成蟜摸了摸下巴,道:“这个武君子不会是故意的罢,散播消息,然后把咱们引到此处来,故意让咱们看到武师傅。”
公子文治怪的道:“那是为何啊?”
嬴政冷笑:“还能是为何?必然是想要分裂我秦国内部。”
但凡不是嬴政来做这个秦王,听说了武君子的消息,来到女闾看到蒙武,武君子和蒙武立刻便对上了,必然会对蒙武起疑。
也就是嬴政为人沉稳,这才没有贸然怀疑蒙武。
蒙武乃是秦国的大将,为秦国的强大打下坚实的基础,如今秦国与赵国开战,嬴政打算培养王翦,让王翦出征,很多支持蒙武的人本就已经有些微辞,若这个时候嬴政怀疑蒙武,必然会招惹出很多麻烦来。

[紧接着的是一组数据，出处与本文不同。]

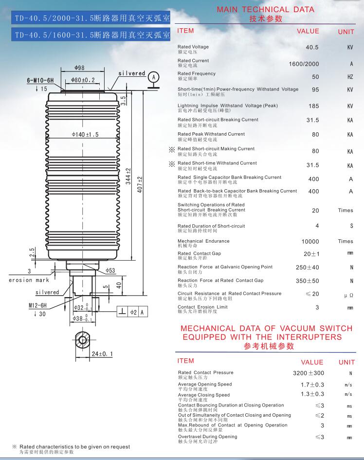TD-40.5/2000-31.5 40.5KV 1250A vacuum interrupters for Circuit Breakers

成蟜感叹道:“这个武君子,八成是知晓咱们在找他,所以将计就计,故意设了个局,等着咱们钻入圈套。”
王翦和蒙武可不只是代表了司马部门的新旧两派,要知晓,王翦是正儿八经的老秦人,而蒙武呢,蒙武的老爹蒙骜是齐国的大将,后来归顺了秦国,也就是降臣。
倘或王翦和蒙武的势力冲突,除了新旧冲突之外,还会有老秦人和非老秦人的冲突,矛盾激化起来,便是最大的内忧!
成蟜解释了一遍,道:“这个武君子,简直阴险狡诈至极。”
公子文治拍了一下自己的后脑勺,道:“坏了,差点中计,这个武君子可真是阴险!”
介胄贪赃的事情,其实蒙武有些耳闻,但他并不知武君子勾引赵姬的事情,因此听得是云里雾里,不过蒙武这个人心思简单,他一门心思就是打仗,其他的也不愿意多管。
成蟜眼眸微微转动,道:“不过……这个武君子能在这里设局,说明他的确来过,咱们不防再打听打听。”
于是众人开始在女闾中四处打听,论起这活计,谁也比不过公子文治,公子文治出去了一小会儿,很快回来,身上带着一些酒气,笑呵呵的道:“我打、打听出来了!”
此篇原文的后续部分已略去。